CLSA believes that the housing sector has bottomed out and with improvement in gross fixed capital formation as a percentage of GDP, the brokerage expects the housing sector to perform well ahead. Keki Mistry, VC & CEO of HDFC, shared his views and outlook on the housing sector.

"The structural demand for housing sector remains strong," Mistry told CNBC-TV18 on Wednesday.
He further said that the number of projects under construction now is lesser than what it was 2-3 years ago.
According to him, "Huge supply has created unsold inventory in the housing sector."
Talking about the GST subsidy, Mistry said, “The new GST subsidy could be a bit of a game changer because with a GST rate of 12 percent it was pushing house prices higher and a lot of people were hesitating to buy a property at that point of time.”
“Now with a proposed reduction in GST rate from 12 to 5 percent, more customers would come to the market because they would now know that there is no further scope for GST rates to come down,” he added.
“All this while some people were holding on to purchasing a house in the expectation that GST rate would come down and therefore the cost of buying the house for them would also be lower,” Mistry said.

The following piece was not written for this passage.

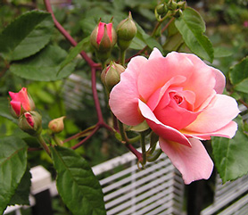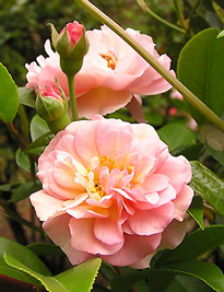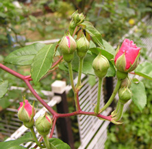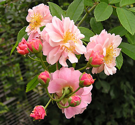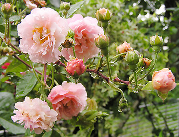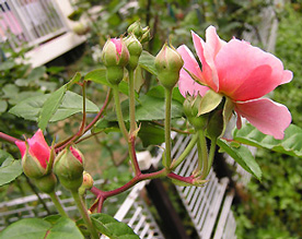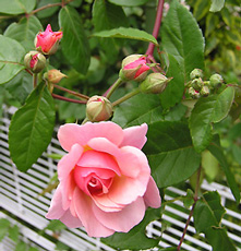 小さい房を作り、たくさんのツボミを付けます。色は、淡いピンクで咲いたり、アプリコットが強かったり。 とにかく、ツルが伸びます。2年目でぐんぐん、ぐんぐん伸びて、さすがにツルバラの伸びは違うと思い知りました。 香りについては、強くはないのですが、ムスクの香りというのでしょうか、私には苦手な香りでした (>_<) |

When asked about CLSA’s report on a fall in investment in homes, he said, “I would say it is not an investment in homes. Investment is a very broad word. Investment has 2 meanings. One is people buying a house because they need a house to stay in and that demand has been strong and has been strong for the last couple of years.”

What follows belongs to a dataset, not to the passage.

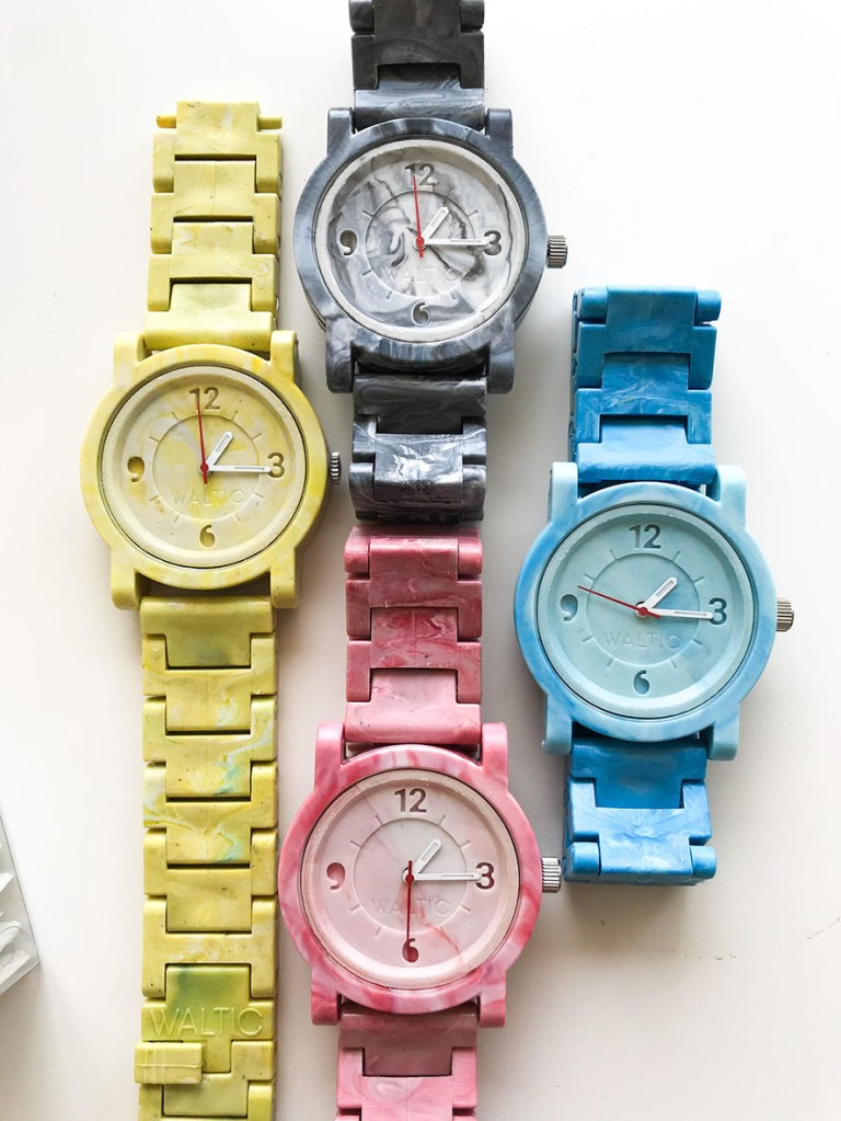 As máquinas e as técnicas utilizadas dão um efeito incrível de mármore, desta forma cada peça é única. Todos os componentes do relógio são montados sem cola e injetados em moldes. Este é o primeiro relógio de pulso feito de sacolas plásticas recicladas, seu invólucro é 100% de PEBD.

“The second category which is people investing in a property as a second home or a third home or just an investment – that is very low and that has been low for a very long time. People used to invest in real estate at one point of time years ago but over the last 4-5 years peoples’ investment in real estate; investment as in buying second and third home has come down, but genuine homebuyers, people who are buying a house because they need a house to stay in – that number has kept going up and that has also partly to do with the demographics in India.”